Reproduce the data below exactly. Skip the pictures.

THE DATA:
____

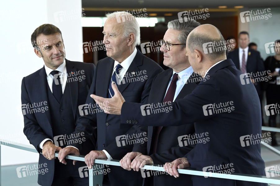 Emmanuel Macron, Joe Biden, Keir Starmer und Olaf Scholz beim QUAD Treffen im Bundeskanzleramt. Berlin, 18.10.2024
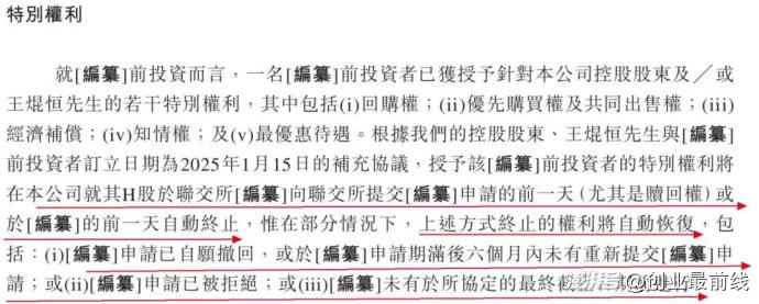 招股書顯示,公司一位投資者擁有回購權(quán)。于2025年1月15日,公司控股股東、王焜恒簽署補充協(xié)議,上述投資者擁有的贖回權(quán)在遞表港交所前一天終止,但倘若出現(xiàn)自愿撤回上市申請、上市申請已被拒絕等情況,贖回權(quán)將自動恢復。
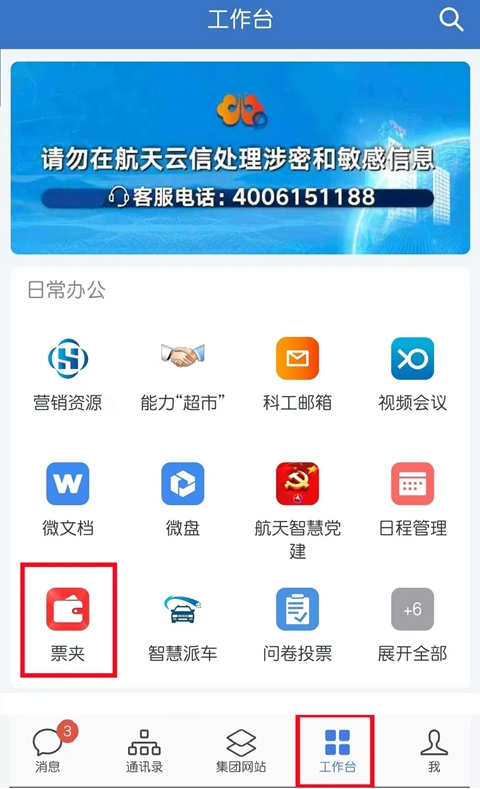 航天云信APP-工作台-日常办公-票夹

____

YOUR SOLUTION:
 Emmanuel Macron, Joe Biden, Keir Starmer und Olaf Scholz beim QUAD Treffen im Bundeskanzleramt. Berlin, 18.10.2024
 招股書顯示,公司一位投資者擁有回購權(quán)。于2025年1月15日,公司控股股東、王焜恒簽署補充協(xié)議,上述投資者擁有的贖回權(quán)在遞表港交所前一天終止,但倘若出現(xiàn)自愿撤回上市申請、上市申請已被拒絕等情況,贖回權(quán)將自動恢復。
 航天云信APP-工作台-日常办公-票夹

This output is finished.